ByteSizedPieces Background Context
ByteSizedPieces was developed in a way that it would be lightweight, and cost-effective but still performant. Unfortunately, the website wasn’t user-friendly, or considerate of the time when it came to adding new content.The workflow for ByteSizedPieces expected a single individual to make a contribution and it took a lot of time to prepare articles for release. Articles were written on Medium for the ease of the editor and laboriously copied over into the expected MDX syntax.
This was not the best setup, especially considering ByteSizedPieces is run by a capable developer. Allowing time sucks like this to go on for long is unacceptable!
This is where we considered integrating Sanity into the ByteSizedPieces NextJS project. We were however reluctant to add yet another heavy dependency to the project when it felt like the problem could be addressed via a script.
Sanity vs custom script/small package
A quick check of Sanity’s stats on Bundlephobia showed a large minified bundle size of approximately 270 bytes.
Alternative to Sanity (generalize for other tools)
For every fully fleshed out product, there is a simpler solution that isn't pretty to look at but could realistically get the job done.
Let’s see how we can better match the priorities of ByteSizedPieces.
Because we use Medium as my editor, perhaps there already existed a solution that could transfer content on Medium to MDX syntax. This is the point at which we discovered medium-to-markdown.
The difference in size between Sanity and medium-to-markdown is monumental. Observe that the bundle size of the minimized medium-to-markdown package is approximately 260kB.

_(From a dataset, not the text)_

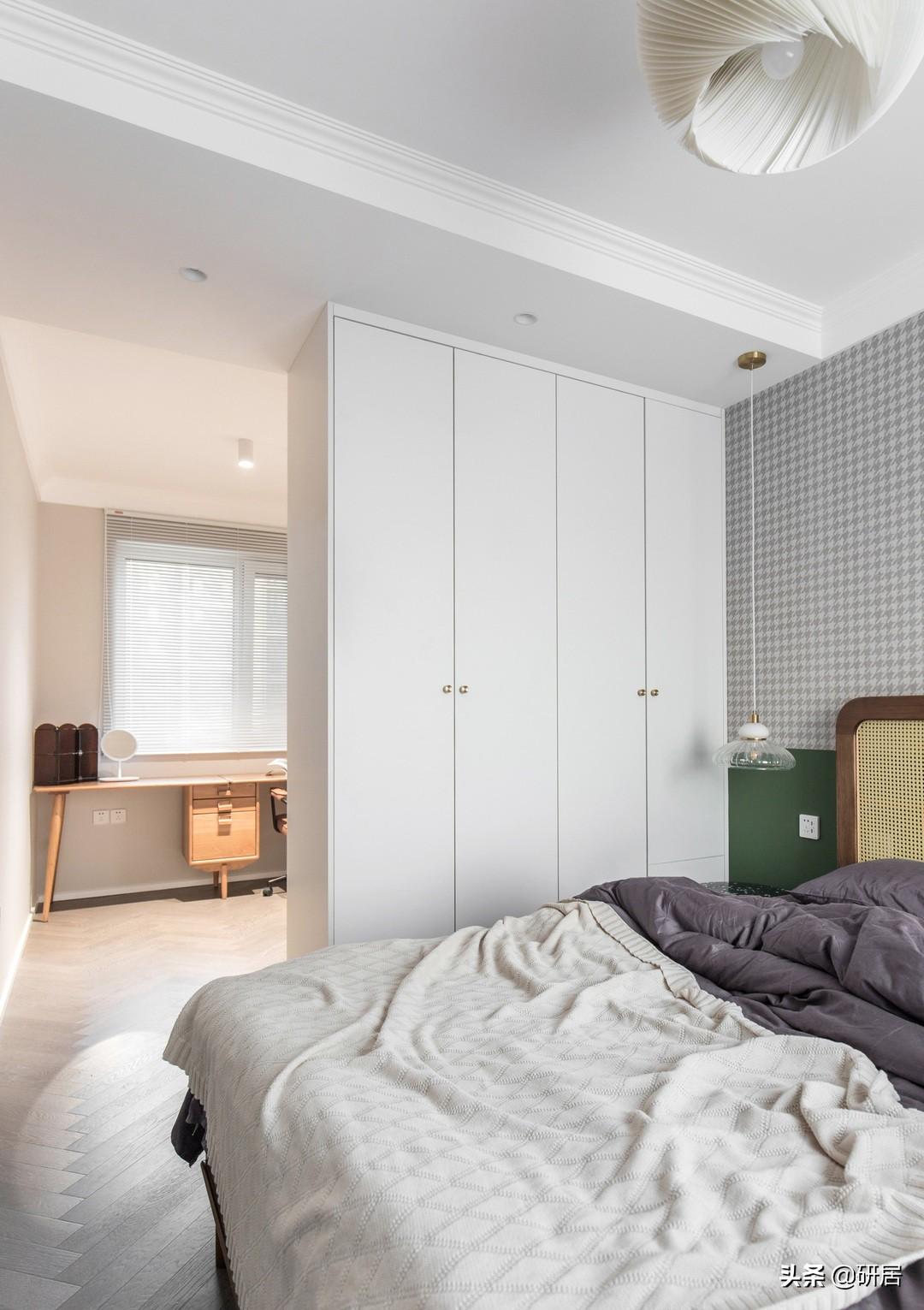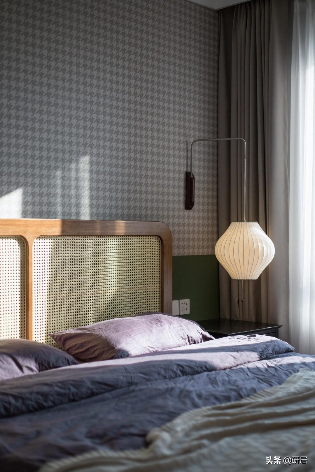 格纹墙布、绿色半墙、原木色藤编床,这些组合在一起,就有了现在的简约、雅致的画面,每一个小细节都透露着两人对生活的高品质追求与浪漫。

Realize this observed bundle size discrepancy makes perfect sense. Solutions like Sanity pull in many other dependencies to create that aesthetic and intuitive UI that would become the admin portal for your content-driven website. Medium-to-markdown hones in on a specific problem and doesn’t offer much flexibility. This approach allows it to be such a light package.

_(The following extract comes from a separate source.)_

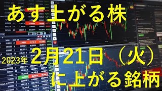 あす上がる株 2023年2月21日(火)に上がる銘柄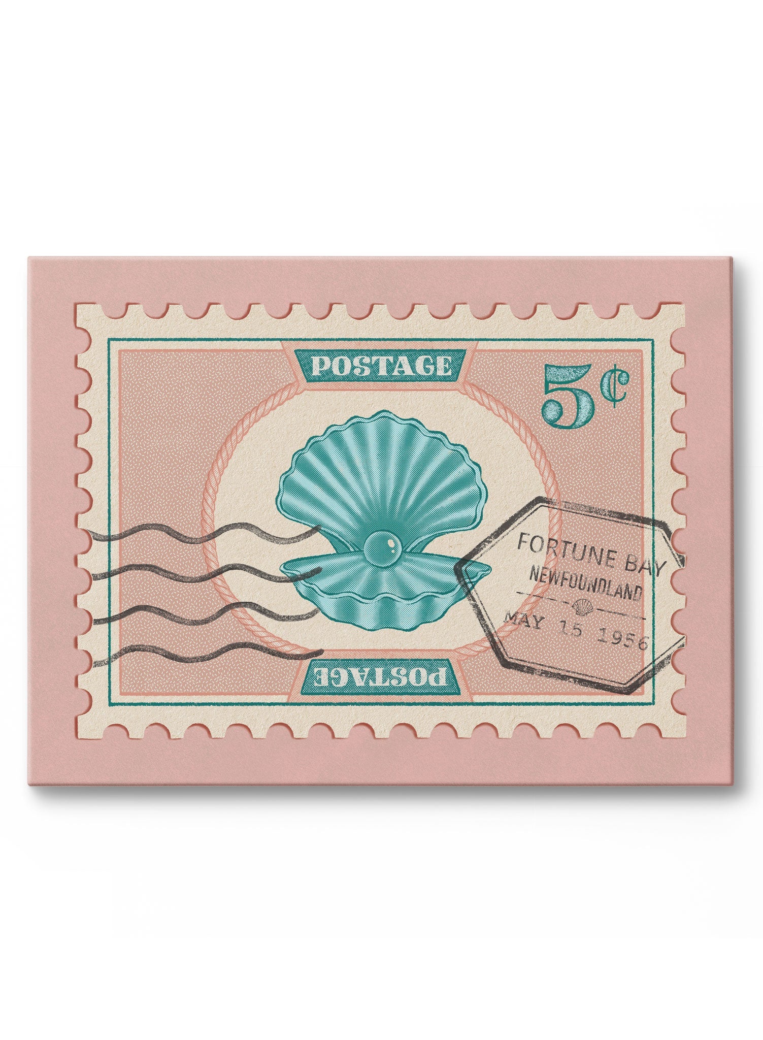 A stamp that celebrates the most beautiful summer in Maine! This pink vintage stamp illustration depicts a teal shell and highlights the area of Maine in the United States.

For ByteSizedPieces, Sanity was overkill and would cause unnecessary bloat. Here is a fantastic article that breaks down why we should care about bloat for projects, and how we might go about reducing the size of our node_modules
.
In a nutshell, recall ByteSizedPieces considers performance and cost-effectiveness. If we are not careful about unnecessary bloat, then our application becomes less performant over time. We additionally incur a greater cost for infrastructure management of the resources.

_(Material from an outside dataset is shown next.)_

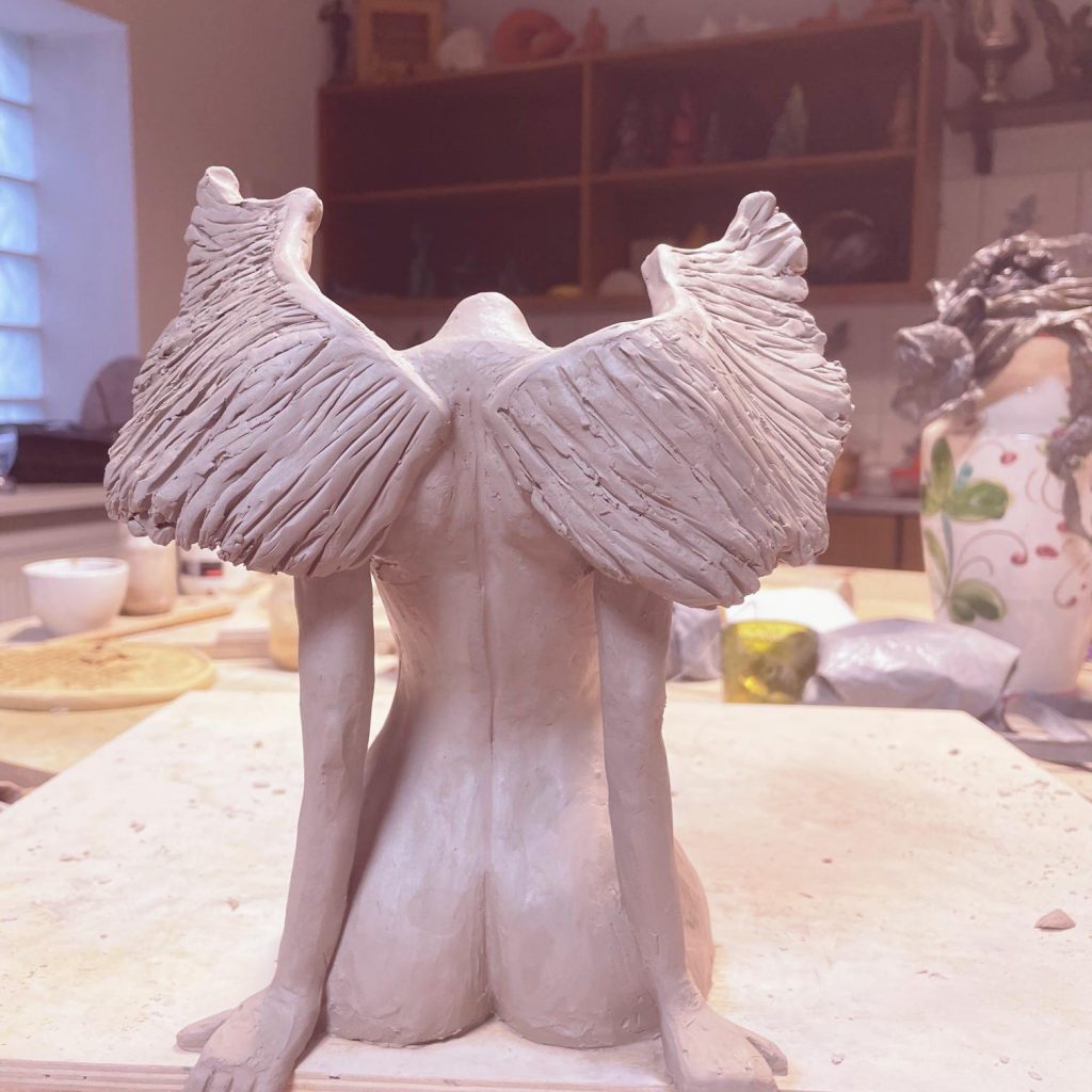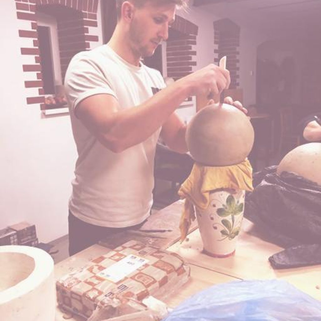 – prace są suszone (około 10 dni) po czym wypalone na biskwit w temp. 980 °C, co sprawi ze są trwałe i gotowe do szkliwienia.

Medium-to-markdown package evaluation
With all this taken into consideration, we tried to proceed with this more straightforward solution for the time being. Let’s look into the medium-to-markdown package.
After some examination, we, unfortunately, discovered the package didn’t work end-to-end for the preferred ByteSizedPieces workflow. Our blog posts are intended only to be published on bytesizedpieces.com, and we learned that the script was only capable of parsing public, non-paywalled content on Medium.
Not a problem! We decided to take a look at how this script parses the content, and expand its capabilities ourselves.
Adapted medium-to-mdx script
We have the capability to evaluate how the script performs it's conversions, and adapt it to our needs.
Our priorities for our customized medium-to-mdx script are:
- Enabling the script to consume a draft link
- Parse mdx
- Setup rules for the custom elements ByteSizedPieces uses
- Add YAML template for gray matter to parse for article metadata
- Write converted contents to templates/ where articles are stored
- Generate new article route for sitemap
The medium-to-markdown package mainly relies on 3 dependencies to parse and translate medium content to markdown syntax. The 3 packages are Turndown (the library to convert HTML to Markdown), cheerio (parses markup and provides an API for traversing/manipulating the resulting data structure), and turndown-plugin-gfm (a turndown intended plugin that adds GitHub Flavored Markdown extensions).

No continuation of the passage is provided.